INDEX_IN = ROOT / "data" / "lsa" / "chunk_index.jsonl"

OUT_DIR = ROOT / "data" / "diversity"
OUT_DIR.mkdir(parents=True, exist_ok=True)

WORD_OUT = OUT_DIR / "word_contextual_diversity.jsonl"
DOC_SUMMARY_OUT = OUT_DIR / "doc_contextual_diversity_summary.jsonl"
SEM_CHUNK_OUT = OUT_DIR / "semantic_context_dispersion_per_chunk.jsonl"

print("Chunks:", CHUNKS_TEXT_IN.resolve())
print("Embeddings:", EMB_IN.resolve())
print("Index:", INDEX_IN.resolve())
print("Output dir:", OUT_DIR.resolve())


## Load chunks + LSA embeddings + aligned index

In [None]:
def read_jsonl(path: Path) -> List[Dict[str, Any]]:
    rows = []
    with path.open("r", encoding="utf-8") as f:
        for line in f:
            line = line.strip()
            if not line:
                continue
            rows.append(json.loads(line))
    return rows

chunks = read_jsonl(CHUNKS_TEXT_IN)
index = read_jsonl(INDEX_IN)
Z = np.load(EMB_IN)

# Build lookup for text by chunk_id
text_by_chunk_id = {r["chunk_id"]: r["text"] for r in chunks}

if len(index) != Z.shape[0]:
    raise ValueError(f"Mismatch: {len(index)} index rows vs {Z.shape[0]} embeddings")

# Ensure index order matches embedding rows
chunk_ids = [r["chunk_id"] for r in index]
missing_text = sum(1 for cid in chunk_ids if cid not in text_by_chunk_id)
if missing_text:
    print("Warning: missing text for", missing_text, "chunk_ids")

print("Loaded:", len(chunk_ids), "indexed chunks; embedding dim:", Z.shape[1])
print("Example chunk_id:", chunk_ids[0], "title:", index[0]["title"])
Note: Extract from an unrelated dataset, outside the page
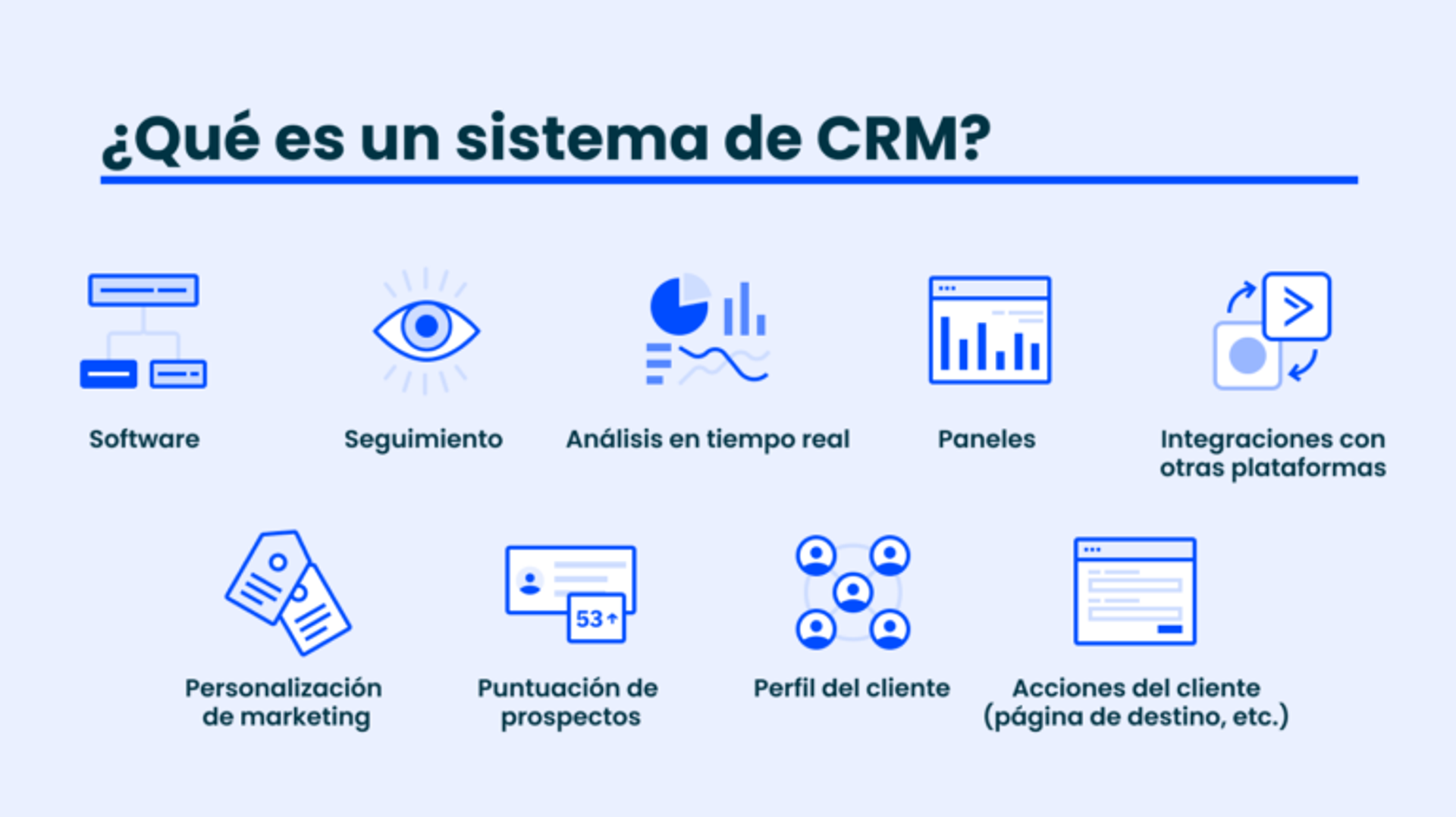 Un CRM se integra con otras plataformas y herramientas, y te permite hacer un seguimiento y obtener un panorama completo de lo que hacen tus clientes en línea y fuera de línea, de modo que puedas crear mejores experiencias para tus clientes y prospectos.

## Group by document (using index order)

In [None]:
doc_to_rows: Dict[str, List[int]] = defaultdict(list)
doc_info: Dict[str, Dict[str, Any]] = {}

for i, r in enumerate(index):
    doc_id = r["doc_id"]
    doc_to_rows[doc_id].append(i)
    doc_info.setdefault(doc_id, {"title": r["title"], "chunk_type": r["chunk_type"]})

# Sort within doc by chunk_index (just to be safe)
for doc_id, rows in doc_to_rows.items():
    rows.sort(key=lambda i: index[i]["chunk_index"])
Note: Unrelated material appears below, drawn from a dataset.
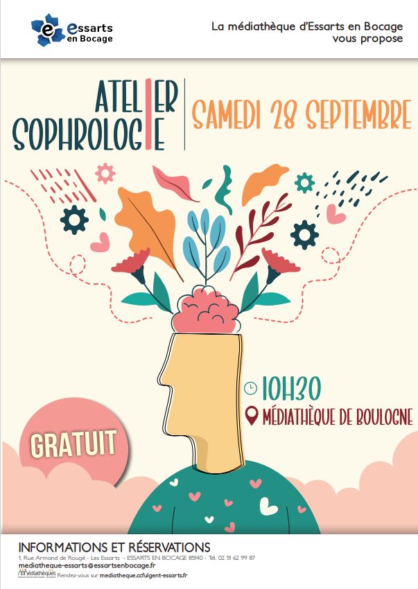 La médiathèque de Boulogne vous propose un atelier sophrologie avec le sophrologue Thierry Loussouarn. GRATUIT sur réservation au 02 51 62 99 87 ou par mail mediatheque-essarts@essartsenbocage.fr.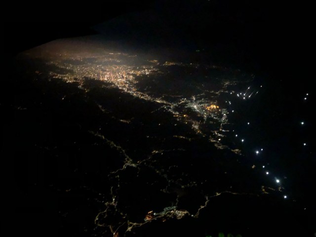It was a cramped, 6-hour flight from Tokyo. Enroute over the East, then South, China Seas, we flew over Taiwan. There were so many ships in the shipping lanes, below (the white lights on the right in the photo, below), it’s easy to see the importance of the area to so many countries.

print("Documents:", len(doc_to_rows))


## Tokenization for lexical diversity

We’ll use a conservative tokenization and ignore very short tokens.

In [None]:
RE_TOKEN = re.compile(r"[a-zA-Z]+(?:'[a-zA-Z]+)?|\d+")
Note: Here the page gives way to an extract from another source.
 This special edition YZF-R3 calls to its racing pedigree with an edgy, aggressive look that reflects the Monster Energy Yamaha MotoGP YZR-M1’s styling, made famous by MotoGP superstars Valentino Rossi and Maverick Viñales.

def tokens(text: str) -> List[str]:
    t = text.lower()
    toks = RE_TOKEN.findall(t)
    # Drop tiny tokens that often act like noise in curriculum text
    toks = [x for x in toks if len(x) >= 2]
    return toks


## Part A — Lexical contextual diversity

### Compute word -> set(chunks) + frequency stats

Definitions:

- `df_chunks(word)`: in how many chunks does the word appear?
- `contextual_diversity = df_chunks / n_chunks_in_doc (per doc)` or `/ total chunks (global)`
- Also compute `burstiness`: how clustered the appearances are (same chunk repeated doesn’t count).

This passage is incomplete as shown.